■ Brief: In the copy of these records, include no pictures and change nothing else.

■ Materials provided:
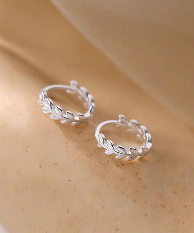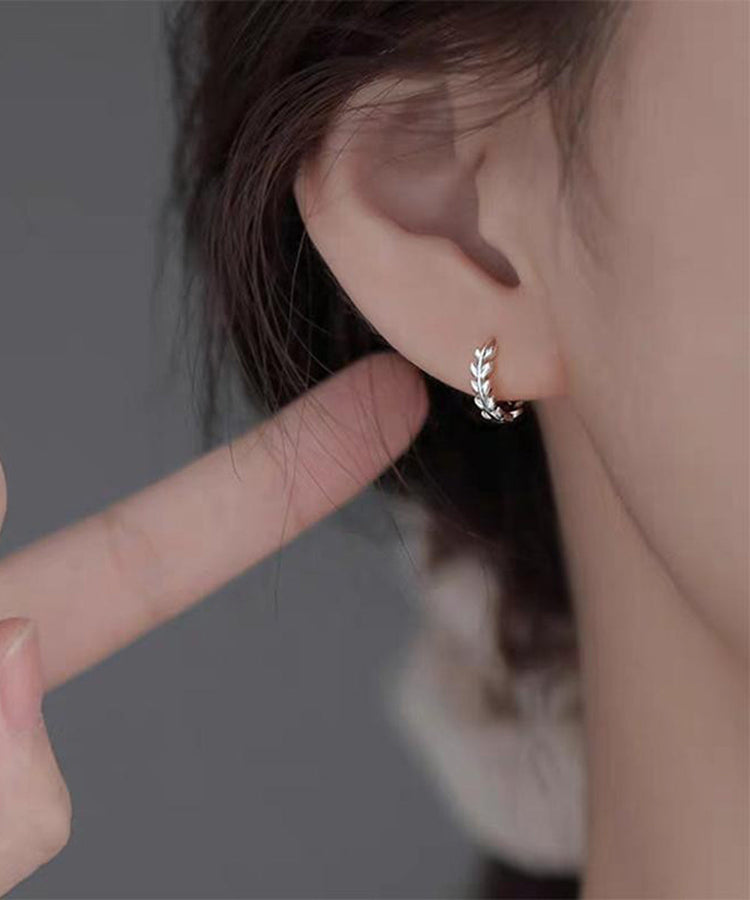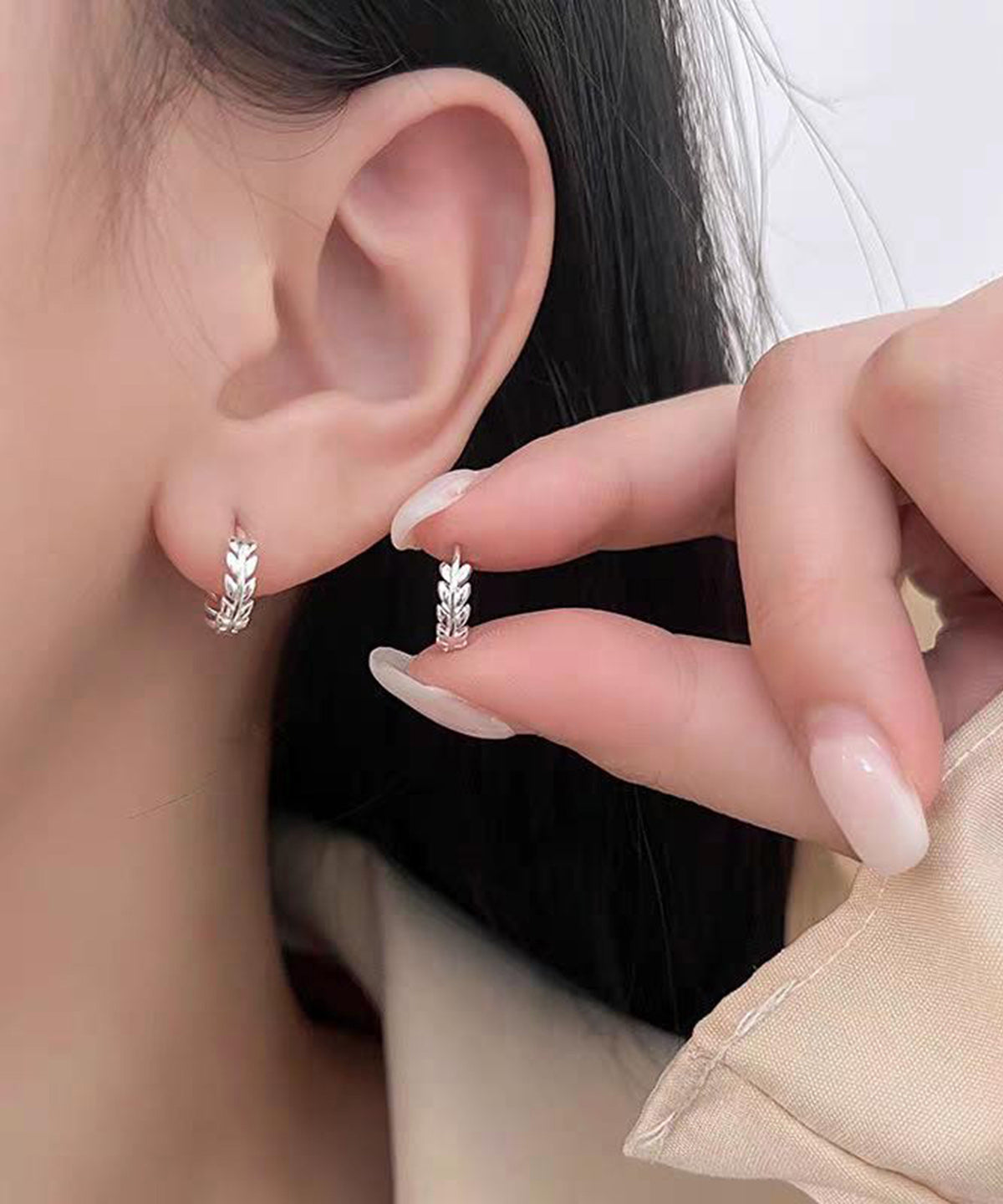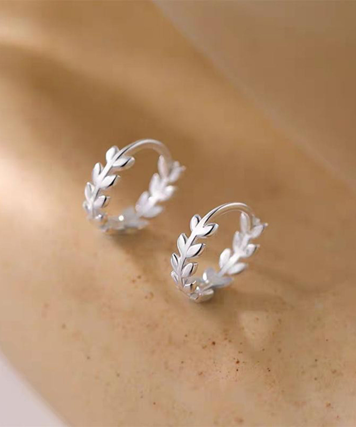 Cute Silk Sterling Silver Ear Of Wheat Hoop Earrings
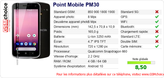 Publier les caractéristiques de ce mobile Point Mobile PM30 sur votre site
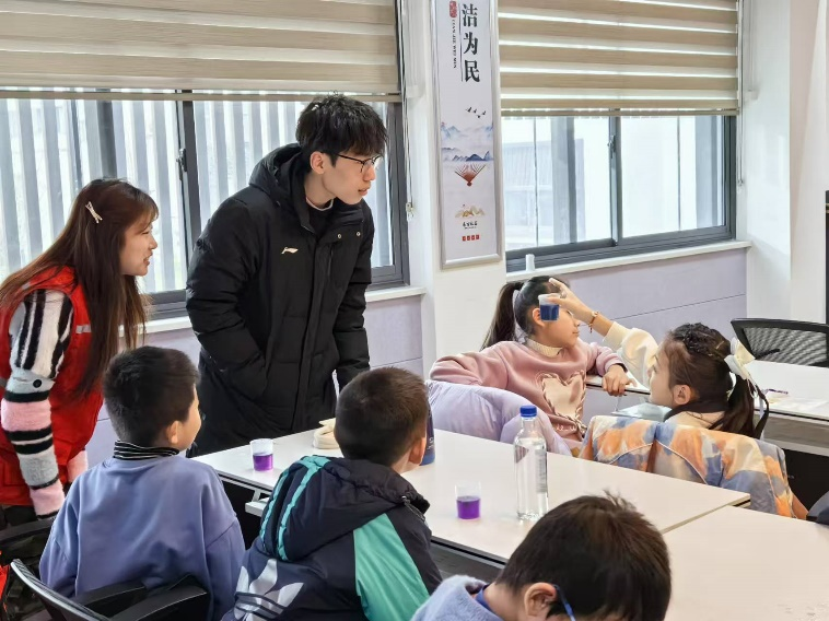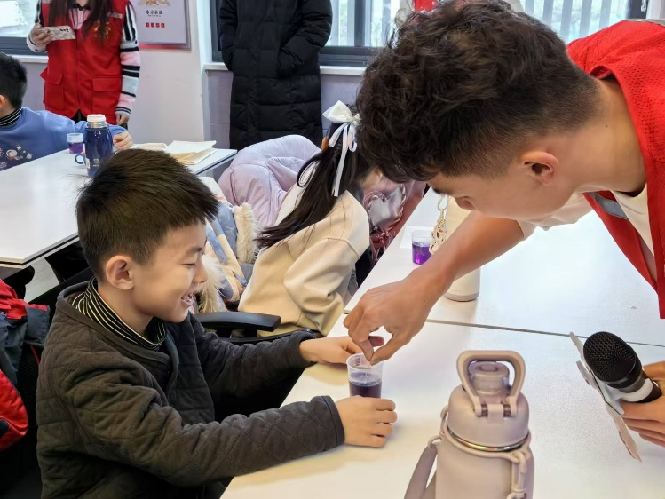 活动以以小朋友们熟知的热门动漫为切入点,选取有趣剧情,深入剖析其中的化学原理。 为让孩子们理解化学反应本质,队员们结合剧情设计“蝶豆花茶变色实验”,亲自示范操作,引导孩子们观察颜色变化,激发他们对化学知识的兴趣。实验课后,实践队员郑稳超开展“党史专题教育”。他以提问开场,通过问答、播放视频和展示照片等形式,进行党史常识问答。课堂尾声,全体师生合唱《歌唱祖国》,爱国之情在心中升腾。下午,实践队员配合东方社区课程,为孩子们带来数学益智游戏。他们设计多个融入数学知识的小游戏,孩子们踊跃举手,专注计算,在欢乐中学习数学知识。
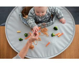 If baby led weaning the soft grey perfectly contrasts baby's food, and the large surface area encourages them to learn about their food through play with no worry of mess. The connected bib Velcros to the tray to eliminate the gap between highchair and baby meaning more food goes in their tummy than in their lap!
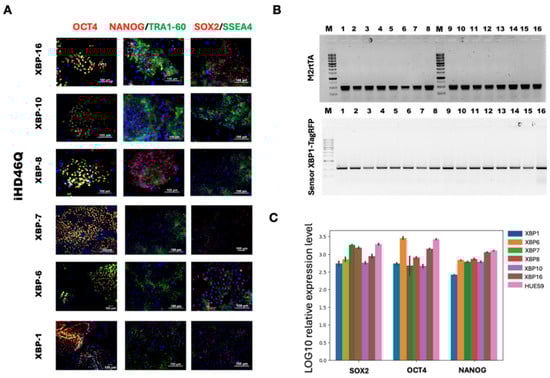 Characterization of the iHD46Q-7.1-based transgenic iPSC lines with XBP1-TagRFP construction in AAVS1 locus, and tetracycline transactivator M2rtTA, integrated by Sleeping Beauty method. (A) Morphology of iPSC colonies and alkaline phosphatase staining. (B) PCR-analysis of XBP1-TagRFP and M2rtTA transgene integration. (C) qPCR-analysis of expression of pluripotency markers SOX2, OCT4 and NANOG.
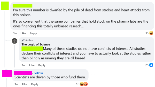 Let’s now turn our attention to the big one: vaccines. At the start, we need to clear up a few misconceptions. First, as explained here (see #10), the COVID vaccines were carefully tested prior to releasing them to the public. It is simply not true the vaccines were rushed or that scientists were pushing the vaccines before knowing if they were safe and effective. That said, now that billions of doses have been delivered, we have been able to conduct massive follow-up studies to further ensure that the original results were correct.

■ The completed task:
 Cute Silk Sterling Silver Ear Of Wheat Hoop Earrings
 Publier les caractéristiques de ce mobile Point Mobile PM30 sur votre site
 活动以以小朋友们熟知的热门动漫为切入点,选取有趣剧情,深入剖析其中的化学原理。 为让孩子们理解化学反应本质,队员们结合剧情设计“蝶豆花茶变色实验”,亲自示范操作,引导孩子们观察颜色变化,激发他们对化学知识的兴趣。实验课后,实践队员郑稳超开展“党史专题教育”。他以提问开场,通过问答、播放视频和展示照片等形式,进行党史常识问答。课堂尾声,全体师生合唱《歌唱祖国》,爱国之情在心中升腾。下午,实践队员配合东方社区课程,为孩子们带来数学益智游戏。他们设计多个融入数学知识的小游戏,孩子们踊跃举手,专注计算,在欢乐中学习数学知识。
 If baby led weaning the soft grey perfectly contrasts baby's food, and the large surface area encourages them to learn about their food through play with no worry of mess. The connected bib Velcros to the tray to eliminate the gap between highchair and baby meaning more food goes in their tummy than in their lap!
 Characterization of the iHD46Q-7.1-based transgenic iPSC lines with XBP1-TagRFP construction in AAVS1 locus, and tetracycline transactivator M2rtTA, integrated by Sleeping Beauty method. (A) Morphology of iPSC colonies and alkaline phosphatase staining. (B) PCR-analysis of XBP1-TagRFP and M2rtTA transgene integration. (C) qPCR-analysis of expression of pluripotency markers SOX2, OCT4 and NANOG.
 Let’s now turn our attention to the big one: vaccines. At the start, we need to clear up a few misconceptions. First, as explained here (see #10), the COVID vaccines were carefully tested prior to releasing them to the public. It is simply not true the vaccines were rushed or that scientists were pushing the vaccines before knowing if they were safe and effective. That said, now that billions of doses have been delivered, we have been able to conduct massive follow-up studies to further ensure that the original results were correct.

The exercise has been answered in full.